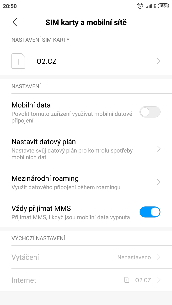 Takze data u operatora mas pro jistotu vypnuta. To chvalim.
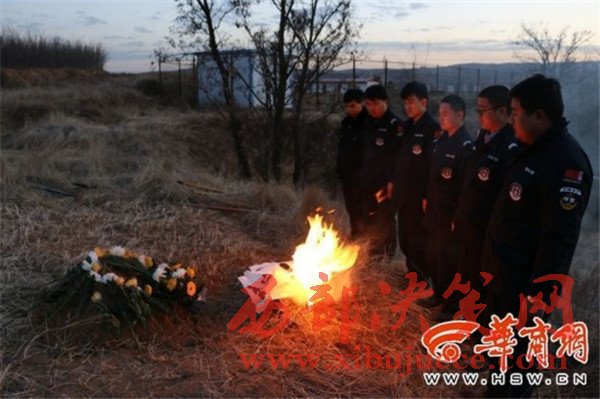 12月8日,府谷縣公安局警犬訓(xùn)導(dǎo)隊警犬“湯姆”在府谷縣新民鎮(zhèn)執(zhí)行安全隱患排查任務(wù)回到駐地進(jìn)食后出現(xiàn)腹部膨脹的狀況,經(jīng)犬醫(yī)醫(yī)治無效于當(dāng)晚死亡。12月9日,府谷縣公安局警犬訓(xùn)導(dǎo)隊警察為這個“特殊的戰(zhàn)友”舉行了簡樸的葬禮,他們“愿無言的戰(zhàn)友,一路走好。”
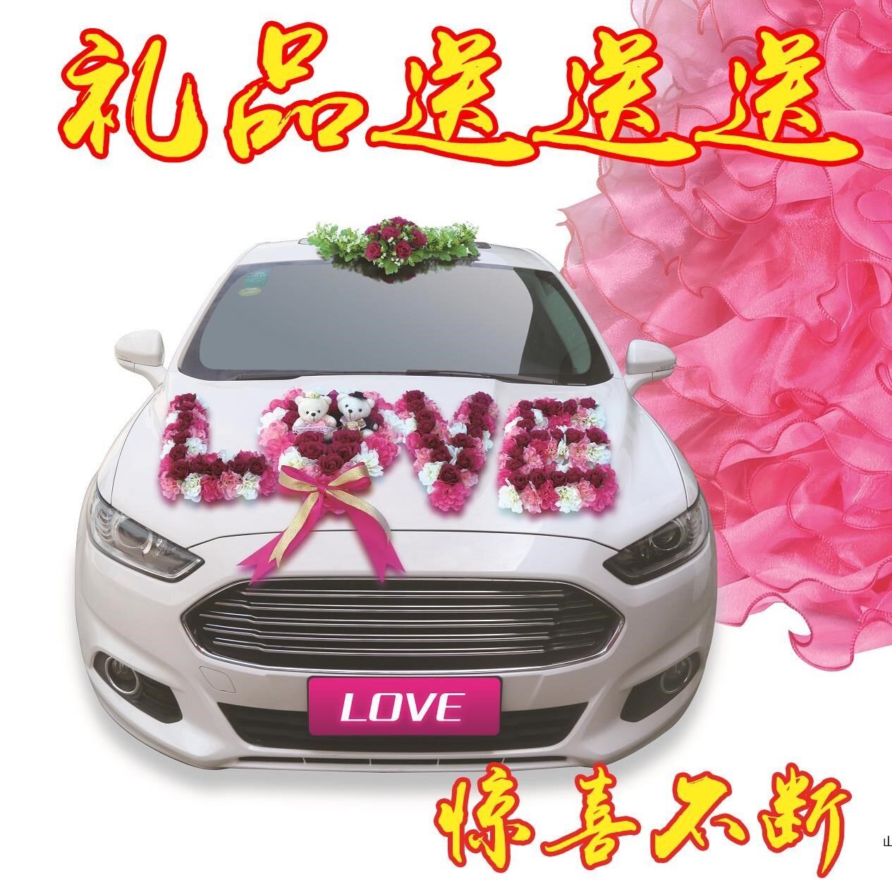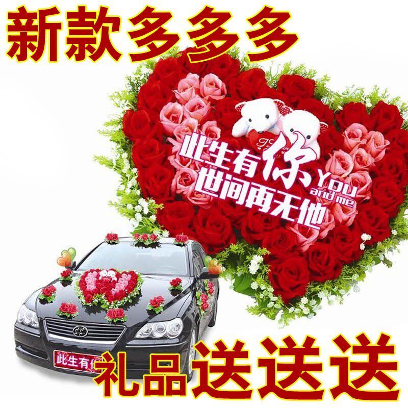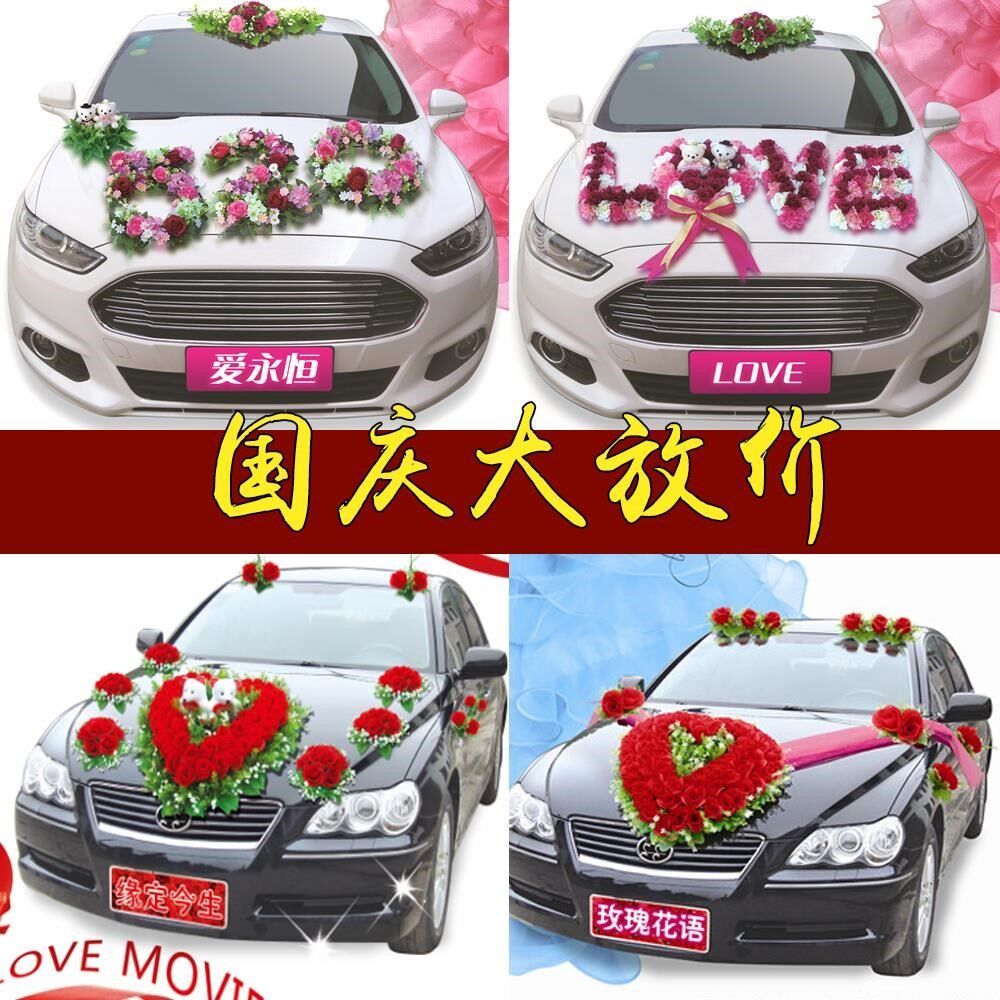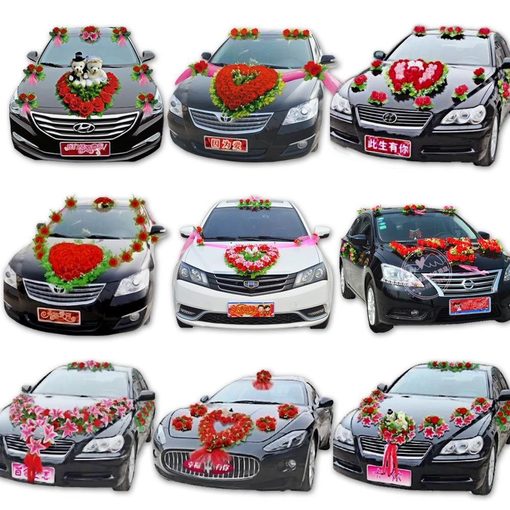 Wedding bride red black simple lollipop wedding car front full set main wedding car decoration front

→ **WHAT YOU WILL DO**
Word for word, retype the lines from the one with "12月8日,府谷縣公安局警犬" through the final line of the data, both included. No pictures belong in the copy.

→ **TASK RESULT**
 12月8日,府谷縣公安局警犬訓(xùn)導(dǎo)隊警犬“湯姆”在府谷縣新民鎮(zhèn)執(zhí)行安全隱患排查任務(wù)回到駐地進(jìn)食后出現(xiàn)腹部膨脹的狀況,經(jīng)犬醫(yī)醫(yī)治無效于當(dāng)晚死亡。12月9日,府谷縣公安局警犬訓(xùn)導(dǎo)隊警察為這個“特殊的戰(zhàn)友”舉行了簡樸的葬禮,他們“愿無言的戰(zhàn)友,一路走好。”
 Wedding bride red black simple lollipop wedding car front full set main wedding car decoration front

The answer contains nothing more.